#### TASK DETAILS
Produce a word-for-word copy of the lines from the one that contains "同じ形のスティック型キーホル" to the final line of the data below, with all pictures dropped.

#### SOURCE DATA

**********

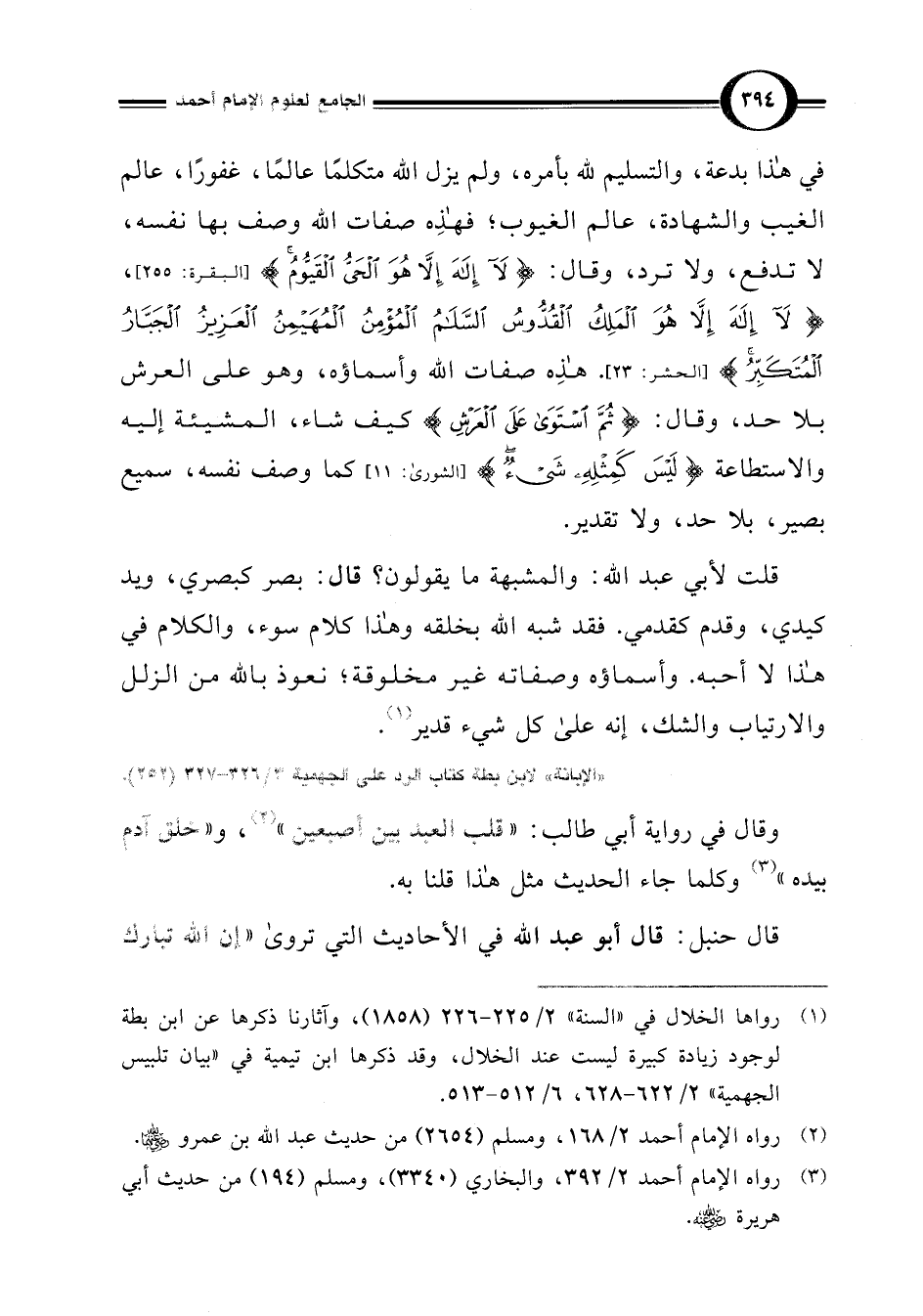وقال في رواية أبي طالب: "قلب العبد بين أصبعين" (¬2)، و"خلق آدم بيده" (¬3) وكلما جاء الحديث مثل هذا قلنا به.
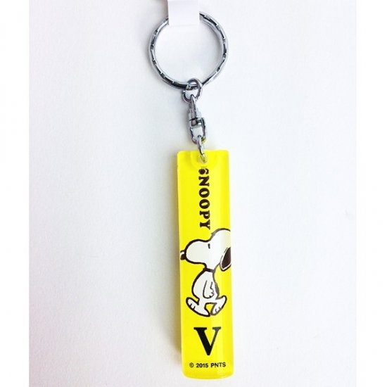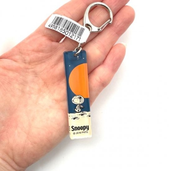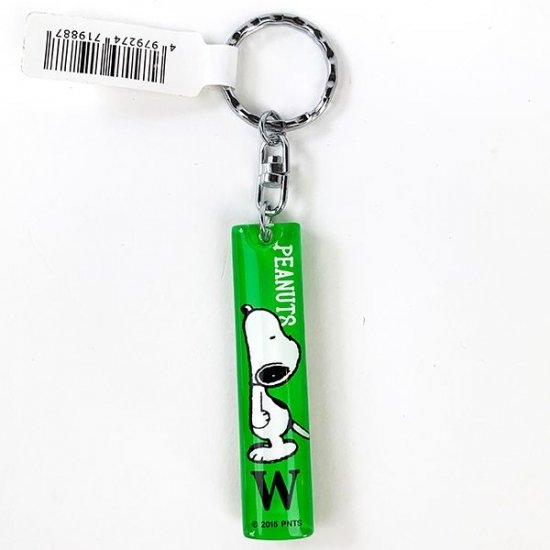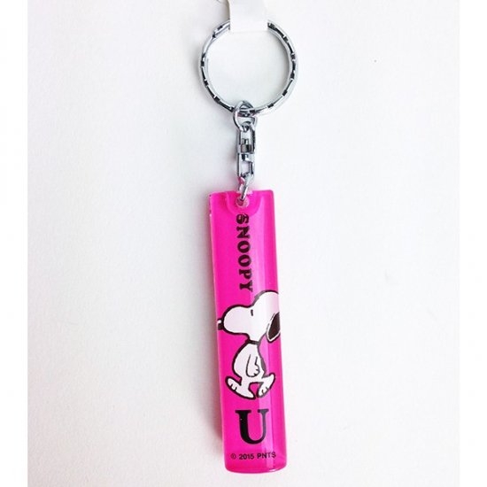同じ形のスティック型キーホルダーには、イニシャルデザインのほかにもウッドストックたちに埋もれるスヌーピーや、アストロノーツテーマのデザインもございます。
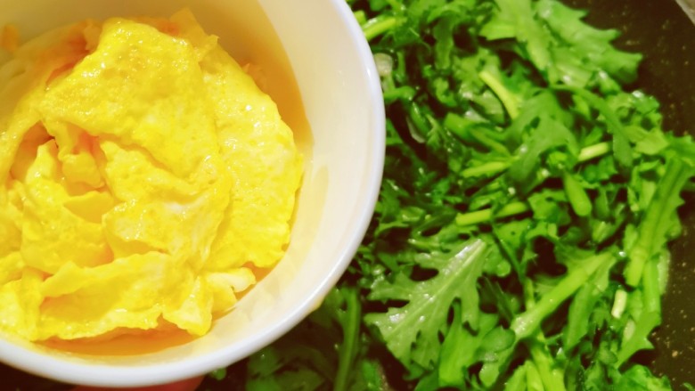 茼蒿菜有一种特殊的香味 富含矿物质 胡萝卜素 膳食纤维 维生素C和挥发油 调节体内水液代谢 消除水肿和鸡蛋一起炒 少盐清香 一人就吃了一盘。
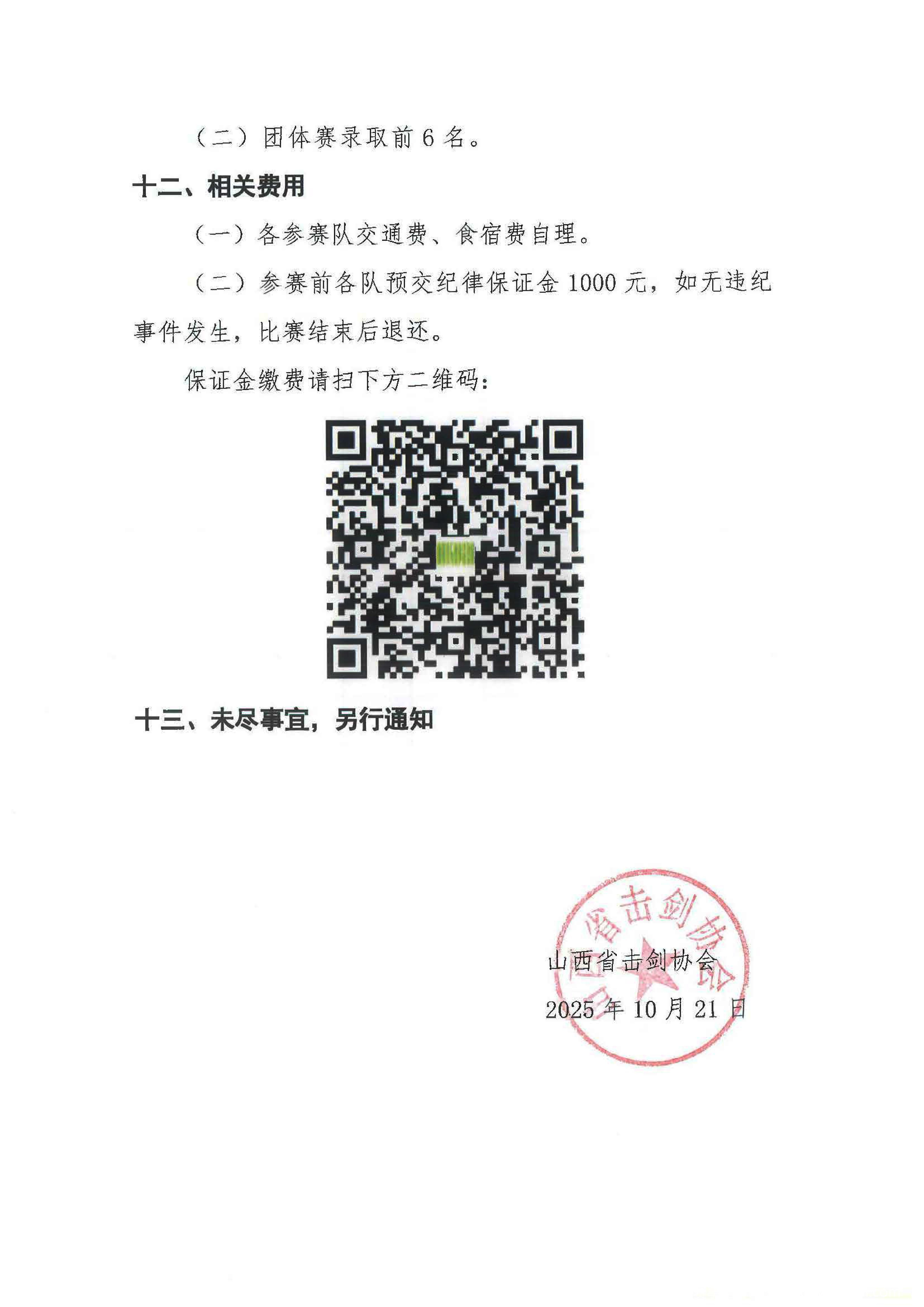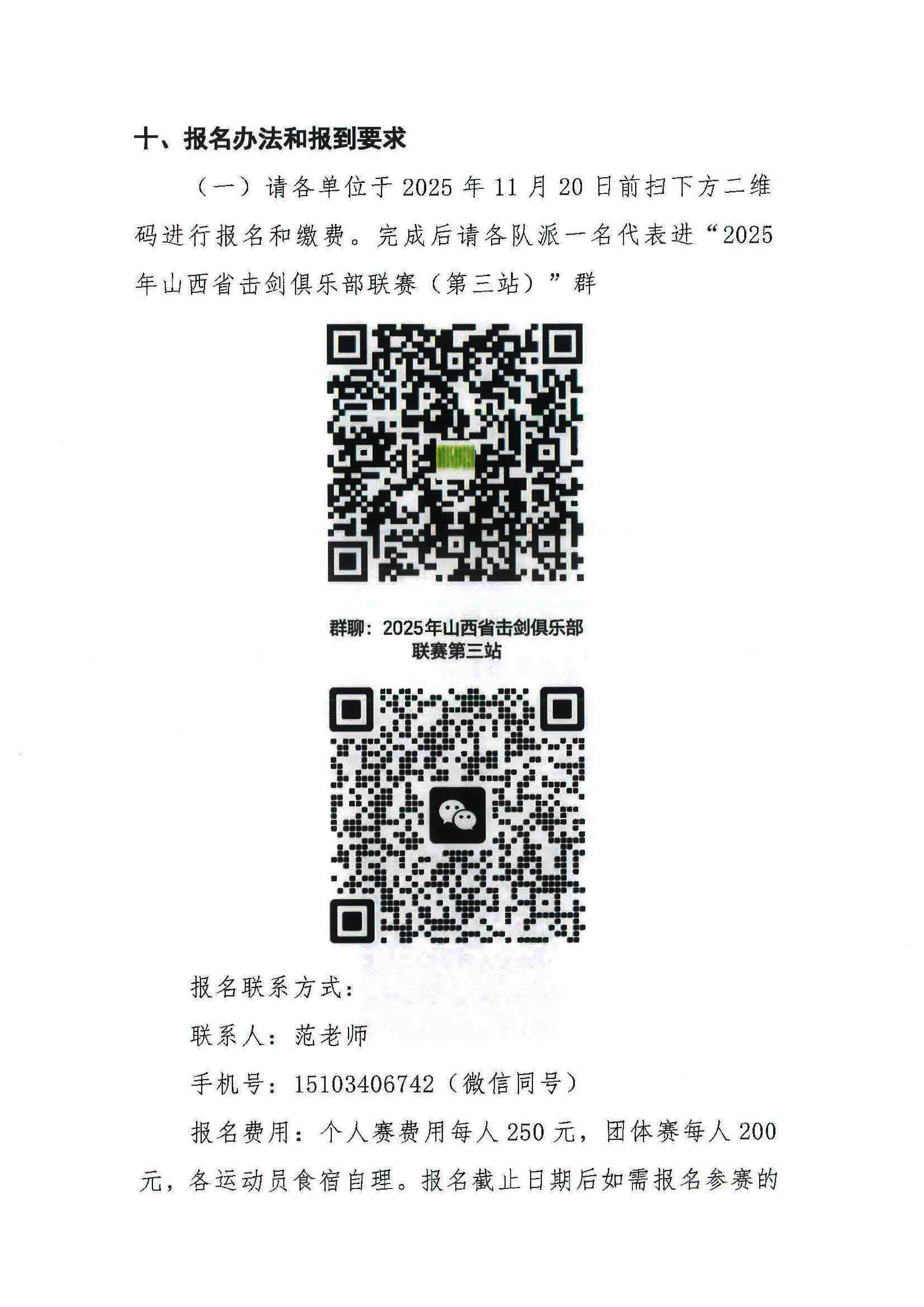 (一)请各单位于2025年11月20日前扫下方二维码进行报名和缴费。完成后请各队派一名代表进“2025年山西省击剑俱乐部联赛(第三站)”群

**********

#### SOLUTION
同じ形のスティック型キーホルダーには、イニシャルデザインのほかにもウッドストックたちに埋もれるスヌーピーや、アストロノーツテーマのデザインもございます。
 茼蒿菜有一种特殊的香味 富含矿物质 胡萝卜素 膳食纤维 维生素C和挥发油 调节体内水液代谢 消除水肿和鸡蛋一起炒 少盐清香 一人就吃了一盘。
 (一)请各单位于2025年11月20日前扫下方二维码进行报名和缴费。完成后请各队派一名代表进“2025年山西省击剑俱乐部联赛(第三站)”群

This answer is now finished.